While both stimuli were presented at a supra-threshold level, no attempt was made in this study to match the intensities of the visual and vibrotactile stimuli (cf. Koppen and Spence 2007a, b, c; Sinnett et al. 2007; Spence et al. 2001b). Thus, it is possible that the visual and tactile stimuli may have been presented at different subjective intensities.
It should, however, be noted that the relatively lower alerting capability of visual stimuli as compared as tactile stimuli, although asserted by various researchers over the years (e.g., Posner et al. 1976; Von Haller Gilmer 1960), has never, as far as we are aware, been put to direct empirical test.
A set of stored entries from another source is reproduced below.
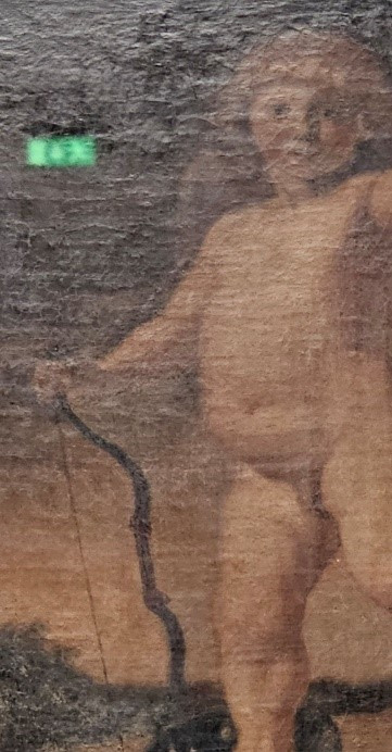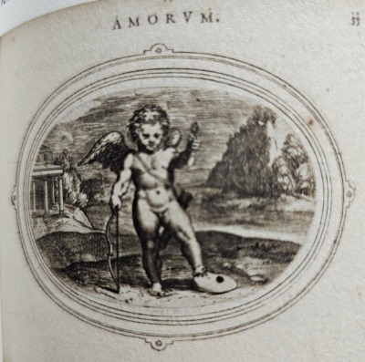오토 반 벤은 루벤스의 스승으로 유명한 화가이다. 큐피드가 비슷한 자세와 행동을 하고 있다는 점만 같을 뿐, 그가 치켜든 손에 기게스의 반지(ring of Gyges)를 들고 있다는 점만 다르다. 전설에 따르면, 이 반지는 착용자를 보이지 않게 만드는 도깨비감투와 같다.
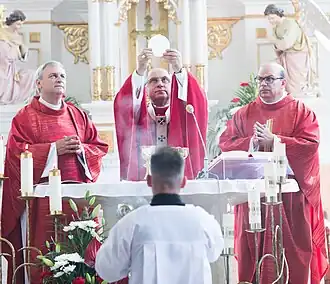 Rites of feasting and fasting are those through which a community publicly expresses an adherence to basic, shared religious values, rather than to the overt presence of deities as is found in rites of affliction where feasting or fasting may also take place. It encompasses a range of performances such as communal fasting during Ramadan by Muslims; the slaughter of pigs in New Guinea; Carnival festivities; or penitential processions in Catholicism.[38] Victor Turner described this "cultural performance" of basic values a "social drama". Such dramas allow the social stresses that are inherent in a particular culture to be expressed and worked out symbolically in a ritual catharsis; as the social tensions continue to persist outside the ritual, pressure mounts for the ritual's cyclical performance.[39] In Carnival, for example, the practice of masking allows people to be what they are not, and acts as a general social leveller, erasing otherwise tense social hierarchies in a festival that emphasizes play outside the bounds of normal social limits. Yet outside carnival, social tensions of race, class and gender persist, hence requiring the repeated periodic release found in the festival.[40]
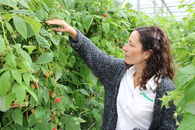 Toch was het vooral de eenvoudige pluk die overal het onderwerp was van gesprek. Elisa Pérez, breeding manager bij Planasa, legt uit waar dat hem nu precies in zit. "We hebben geselecteerd op drie specifieke eigenschappen die het plukgemak vergroten. Ten eerste de structuur van de plant: de frambozen hangen in het zicht en zitten niet verstopt achter hangende takken of bladeren. Ten tweede het formaat: de frambozen zijn relatief groot, wat ook het plukgemak vergroot. Ten derde, en misschien is dat nog wel de belangrijkste factor, de hechting van de framboos aan de plant. Die is minder sterk dan bij andere variëteiten, waardoor de vrucht makkelijker loskomt tijdens het plukken."
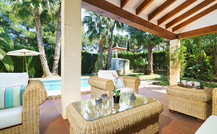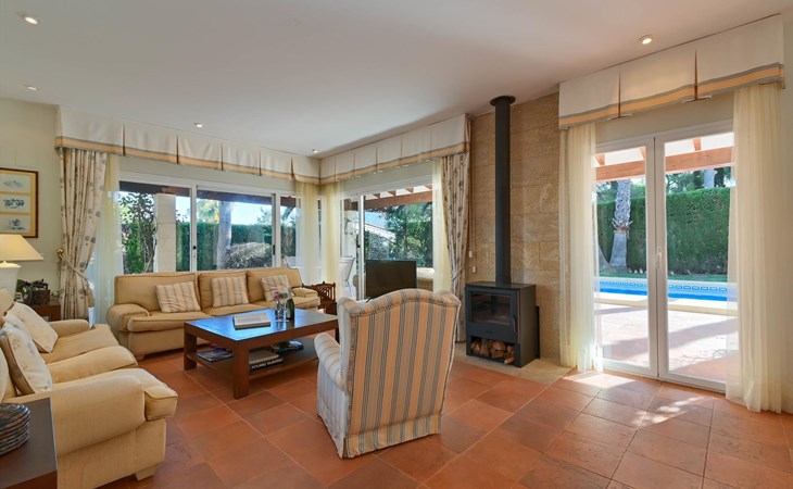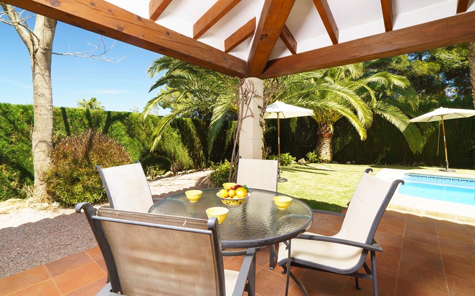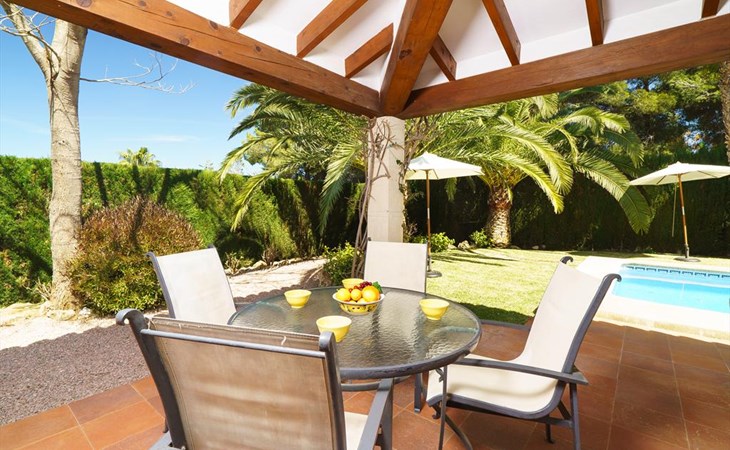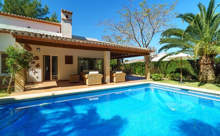 Grote en comfortabele villa met privé zwembad in Javea, Costa Blanca, Spanje voor 6 personen. De vakantievilla ligt in een residentiële omgeving, op 1 km van het strand van El Arenal, Javea en op 1 km van Mediterraneo, Javea.
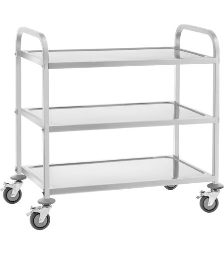 Il carrello portavassoi RCSW 3A della Royal Catering con tre stabili ripiani, grazie alla sua robusta fattura è un must per mense, ristoranti, istituzioni pubbliche e cucine private. Con questo carrello potrete servire pietanze e bevande o trasportare piatti e bicchieri dopo aver sparecchiato. Il carrello in acciaio inox è estremamente robusto e facile da pulire. Il carrello da cucina è realizzato in acciaio inox di alta qualità, il quale non solo garantisce un'alta resistenza ad agenti esterni fisici e chimici, ma anche che il carrello mantenga negli anni un aspetto brillante. La superficie liscia e a pori fini assicura un'igiene duratura. Grazie all'accurata lavorazione, i nostri carrelli sono molto durevoli e resistenti. I tre ripiani offrono un'ampia superficie sulla quale potrete posizionare cibi e bevande per presentarle al meglio e servirle ai vostri numerosi ospiti, ma anche riporre piatti e posate a fine pasto. I ripiani sono facilmente accessibili da tutti e quattro i lati e rivestiti in acciaio inox su ogni spigolo, in modo da rendere l'intera costruzione ancora più stabile. A proteggere le pietanze da scivolamenti involontari è infine presente un bordo protettivo lungo tutto il vassoio. Tra i vassoi c'è una distanza di 28,3 cm, che vi permette di posizionare anche pentole e altri oggetti più grandi. Ciascun vassoio può sopportare un peso di 50 kg senza problemi. Da fermo, il carrello di servizio raggiunge una portata massima statica di 500 kg. Grazie all'elevata capacità di carico e all'ampia superficie di stivaggio, il carrello da cucina evita corse inutili e facilita il lavoro nella vostra azienda. I carrelli convincono per la loro speciale struttura anti-shock. Le vibrazioni e i rumori del carrello vengono infatti assorbiti dai tappetini in gomma antivibranti posizionati sulla parte inferiore. Grazie alle caratteristiche delle ruote, il carrello può essere utilizzato su qualsiasi tipo di pavimento, come piastrelle in ceramica, di legno o parquet. Questo garantisce un funzionamento confortevole, sicuro e silenzioso. Il carrello portavivande è dotato di quattro ruote di grandi dimensioni facili da gestire con quattro freni di stazionamento. Rivestite di gomma termoplastica, rendono possibile lo spostamento silenzioso del carrello anche a pieno carico. Possono essere inoltre ruotate di 360 gradi, in modo che il carrello possa essere spinto senza sforzo anche negli spazi più angusti. Grazie ai quattro tappini protettivi, potrete finalmente dire addio ai danni alle pareti o alle gambe del tavolo. Il profilo quadrato del telaio è profilato sulle maniglie per garantire una tenuta ottimale durante la spinta. Questo lo rende più facile da manovrare anche nei corridoi più stretti. Anche il montaggio risulta estremamente semplice grazie alla struttura del carrello. Il materiale di montaggio necessario è incluso nella fornitura. Scegliete oggi stesso il carrello di servizio RCSW 3A di Royal Catering! ...
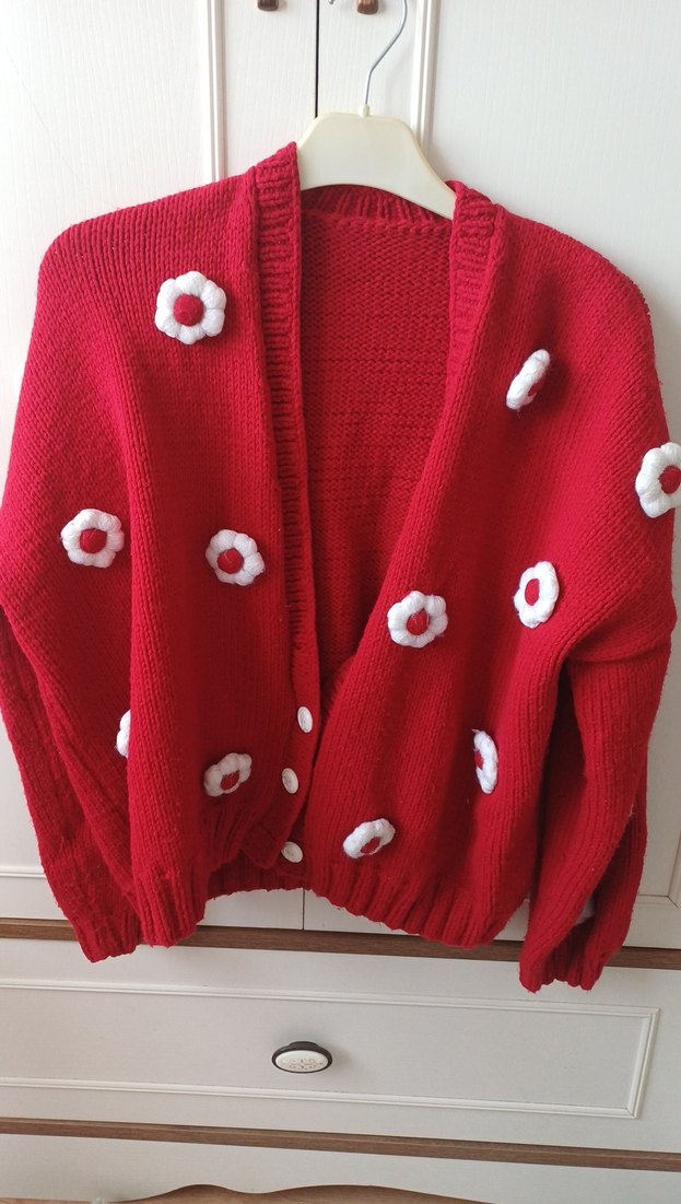 Kırmızı örme kumaştan, uzun kollu, bisiklet yaka ve bol kesim hırka. Üzerinde beyaz örgü çiçek detayları bulunur, rahat ve renkli bohem tarz sunar. ( el örgüsüdür 1 kez giyildi)
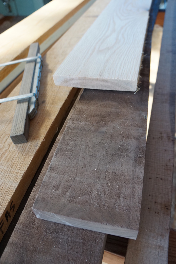 ■ MUKU-DATA 左:ホワイトオーク 右:ウォルナット 厚み 5/4(32mm) ナット一部8/4(51mm) 愚痴ってましたね・・・大工さんが・・・反ってるし、硬いしって言って・・・(苦笑) でも「へぇ~っ…

Note that the results reported here might also be consistent with the MLE framework if one assumes that visual stimuli simply provide more reliable (i.e., accurate) information about the presence of a stimulus in the environment than do tactile stimuli. In this regard, it is perhaps worth noting that the sense of touch actually performs a dual function, both informing us about events in the environment as well as about the status of our body (see Spence et al. 2001a).
It should, however, be noted that for the case of crossmodal extinction, it is the relative position of the two stimuli that determines stimulus is extinguished (i.e., the more contralesional stimulus) while with the Colavita effect, the target modalities of the stimuli determine which stimulus tends to go unnoticed (i.e., the tactile stimulus in the experiments reported here).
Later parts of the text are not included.